Referring to FIG. 3, there is illustrated an exploded view of a screwless knob assembly 100a in accordance with another embodiment of the present disclosure. Similar to the embodiment illustrated in FIG. 1, the screwless knob assembly 100a includes the knob member 105, the knob backcover member 110, and a backing board 115a. Also similar to the embodiment illustrated in FIG. 1, the knob member 105 include the handle 106 and the shaft 107. As illustrated in FIG. 3, the screwless knob assembly 100a includes an auditory (noise) generating member 120 (see also FIG. 6). The noise member 120 can be configured to generate any type of noise, such as a clicking noise, as the knob member 105 is rotated in a clockwise or counterclockwise direction while the knob member 105 is secured to the backing board 115a. A guide hole or aperture 122 is disposed in the board 115a to receive a corresponding coupling member 155 that fixes the noise member 120 in relation to the backing board 115a.

Now turning to FIG. 4, there is illustrated a perspective view of one example of the knob member 105 in accordance with one embodiment of the present disclosure. The knob member 105 is shown with the handle 106, the shaft 107 and the recess 108. As illustrated in FIG. 4, the knob member 105 further includes a seat 170 and multiple notches or tabs 175 disposed and spaced around the wall of the seat 170. The tabs 175 extend radially inward towards to the center axis of the shaft 107. The seat 170, the tabs 175 and the shaft 107 are configured to correspond with the noise member 120 to generate noise as the knob member 105 is turned clockwise or counterclockwise. The depth of the seat 170 is chosen to permit the noise member 120 to rest on the seat 170 so that a tab engaging member (to be discussed further herein) is radially aligned with and capable of engaging the one or more tabs 175.

Now turning to FIG. 5, there is shown a perspective view of one example of a knob member 105a in accordance with a different embodiment of the present disclosure. Similar to the embodiment shown in FIG. 4, the knob member 105a includes the handle 106, a shaft 507, the seat 170, and the multiple notches or tabs 175. In this embodiment, the knob member 105 includes a plurality of recesses 508. Each of the plurality of recesses 508 can be longitudinally disposed along the shaft 507. As such, the screwless knob assembly 100 can be configured to adjust to the thickness of a backing board 115 or 115a by fastening the knob backcover member 110 to a select one of the plurality of recesses 508 in order to accommodate a different thickness of the backing board 115 or 115a. In addition, in this embodiment, the recesses 508 do not necessarily extend circumferentially and entirely (e.g., 360 degrees) around the shaft 507. Instead at each longitudinal position, two diametrically opposed recesses 508a, 508b are disposed in the shaft 507, with each recess extending less than about 180 degrees therearound.

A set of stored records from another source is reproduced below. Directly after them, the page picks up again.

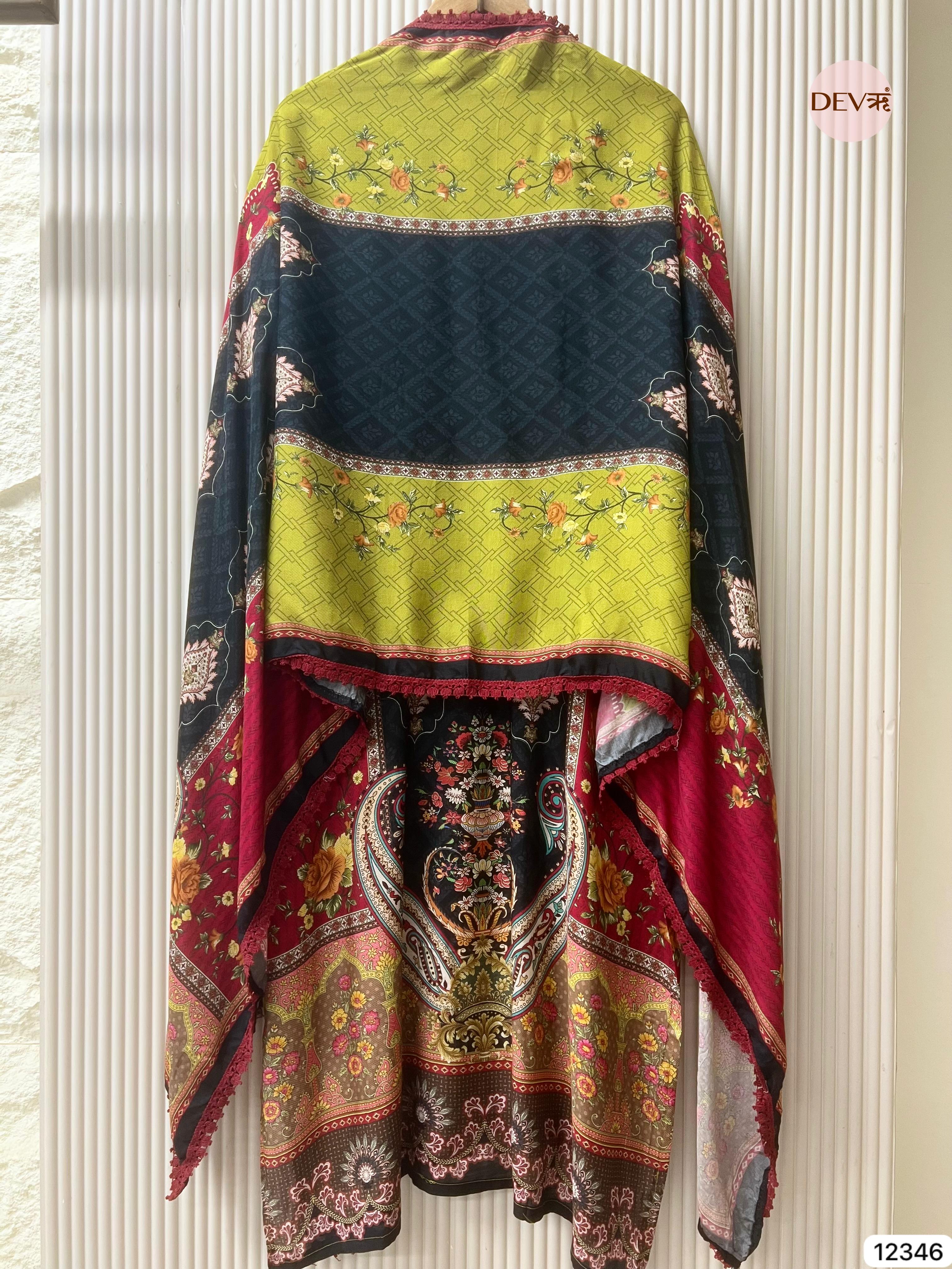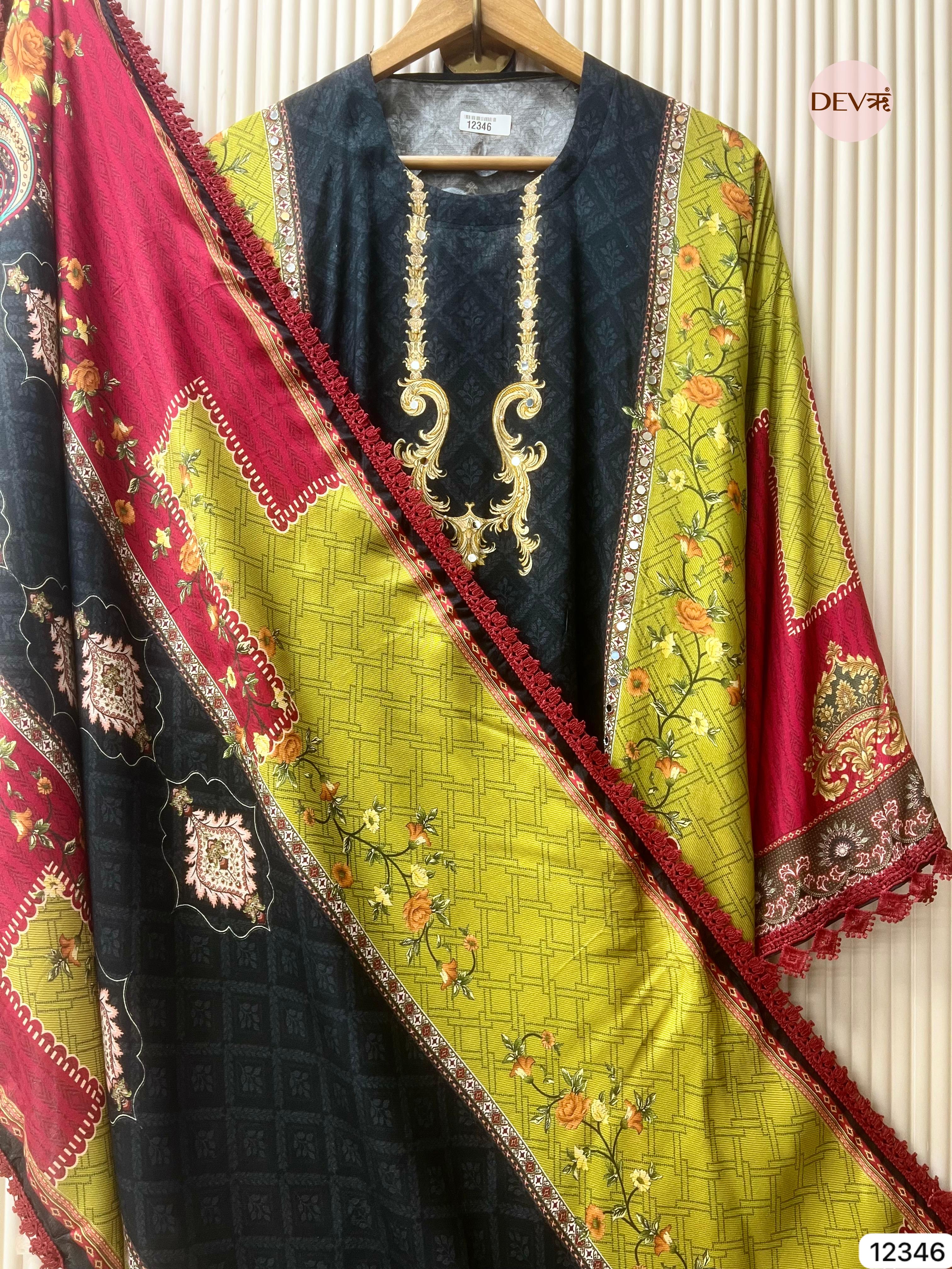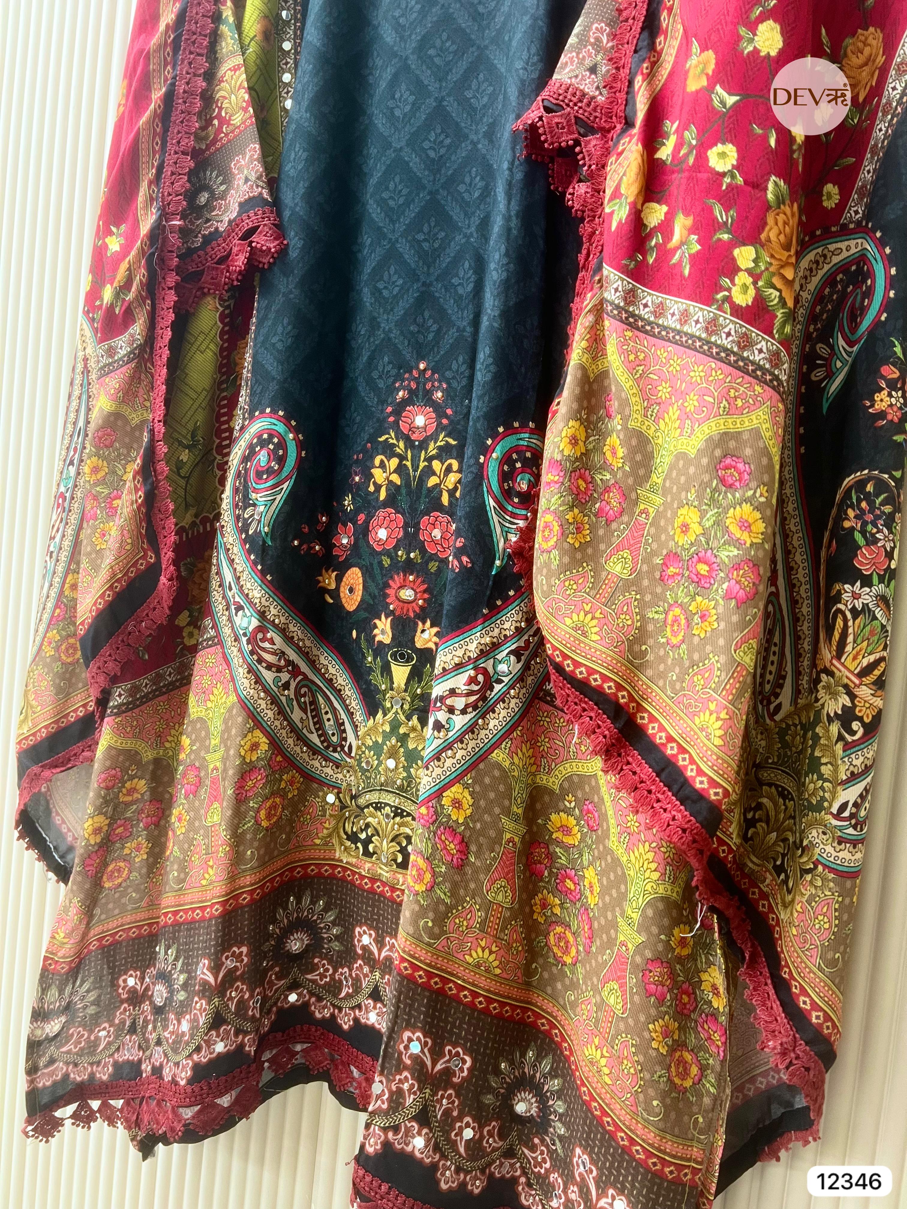 A richly composed deep teal muslin suit set adorned with intricate prints and ornate neckline embroidery. The contrast muslin dupatta features layered motifs and detailed borders, bringing depth and character while maintaining Devri’s refined, elegant appeal.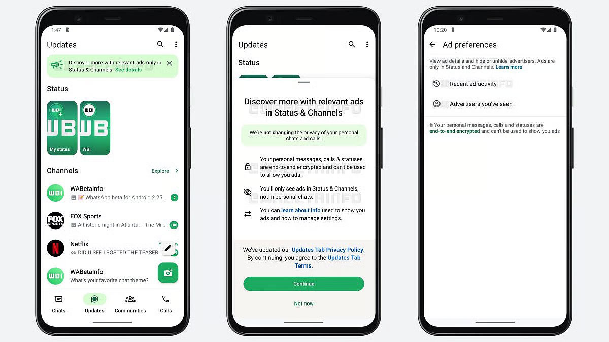أعلنت ميتا منذ أيام أن الشركات ستتمكن الآن من تشغيل ما يُسمى بإعلانات الحالة على واتساب، والتي تُشجع المستخدمين على التفاعل مع المُعلنين عبر ميزات المراسلة في التطبيق. ستظهر الإعلانات للمستخدمين فقط ضمن علامة تبويب “التحديثات” في واتساب لفصل العروض الترويجية عن محادثاتهم الشخصية. بالإضافة إلى ذلك، ستبدأ ميتا بتحقيق الدخل من ميزة قنوات واتساب من خلال إعلانات البحث والاشتراكات.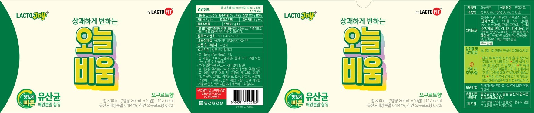 | 포장단위별 내용물의 용량(중량), 수량 | 80ml*20개 | 원재료명 및 함량 | 컨텐츠 참조 |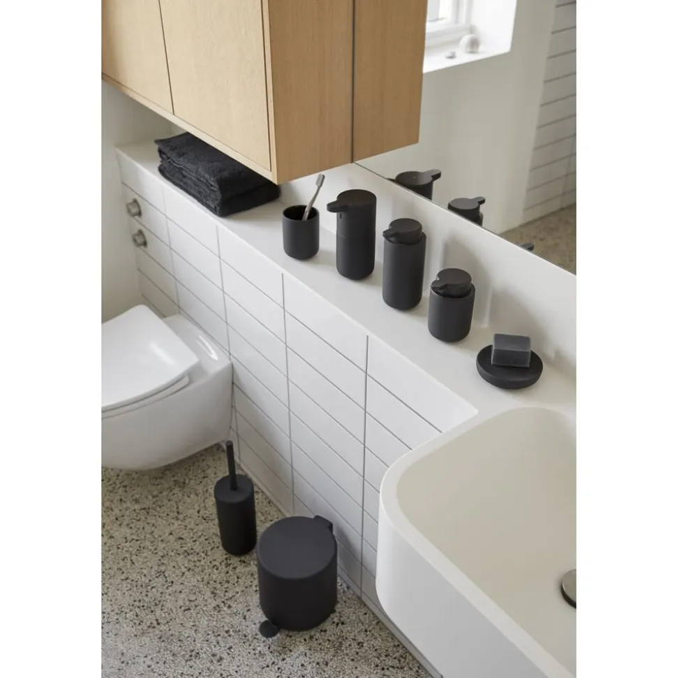 Toiletbørsten fra badserien Ume har en praktisk inderkop, så overskydende vand let kan tømmes af, og børsten har en god arbejdslængde og glider let på plads i holderen. Designertrioen VE2 har skabt seriens velproportionerede elementer. Højde 38,7 cm.

FIG. 6 illustrates the knob member 105 (shown in FIG. 4) including the noise member 120. Additionally, similar to previous embodiments, the screwless knob assembly 100 can also include a knob noise member 120.

As shown, the noise member 120 includes a tab or notch engaging member 150, the backing board coupling member 155, a shaft coupling member 160, and a handle engaging member 165. The shaft coupling member 160 is configured to be inserted over the distal end of the shaft 107 and slid along the shaft until the handle engaging member 165 engages a seat of the knob member 105. The shaft coupling member 160 is further configured to permit the unimpeded rotation of the shaft 107 and thus the knob member 105.

The notch/tab engaging member 150 is positioned in circumferential alignment with the handle engaging member 165 along the center axis of the shaft coupling member 160. Furthermore, for reasons to be disclosed further herein, the tab engaging member 150 may extend a distance further than the handle engaging member 165 in a radial direction from the center axis of the shaft coupling member 160.

The backing board coupling member 155 can extend from a surface of the handle engaging member 165 in a direction parallel with the center axis of the shaft coupling member 160. The backing board coupling member 165 is configured for reception into the guide hole or aperture 122 disposed within the backing board 115a (illustrated in FIG. 3). The backing board coupling member 165, when received within the aperture 122 while the shaft coupling member 160 is coupled to the shaft 107 and while the handle engaging member 165 is position on the seat 107, functions to enable the noise member 120 to remain static (e.g., no rotation) when the knob member 105 is rotated in the clockwise or counterclockwise direction as previously discussed herein. Thus, the noise member is fixed relative to the backing board 115a, and when the knob 105 is turn, the notches/tabs 175 and tab/notch engaging member 150 function to generate noise (e.g., clicking noise).

As illustrated in FIG. 6, the knob noise member 120 is resting on the seat 170 of the knob member 105 such that the shaft coupling member 160 is coupled to the shaft 107 and the handle engaging member 165 and the notch engaging member 150 are radially aligned with the tabs or notches 175. The outer diameter of the handle engaging member 165 includes a distance so that when the noise member 120 is resting on the seat of the handle 106/knob member 105, the handle engaging member 165 is unable to engage the tabs or notches 175. Conversely, the tab or notch engaging member 150 can extended a radial distance beyond the radial reach of the handle engaging member 165 so that when the noise member 120 is resting on the seat of the handle 106/knob member 105, the handle engaging member 165 can engage the tabs/notches 175.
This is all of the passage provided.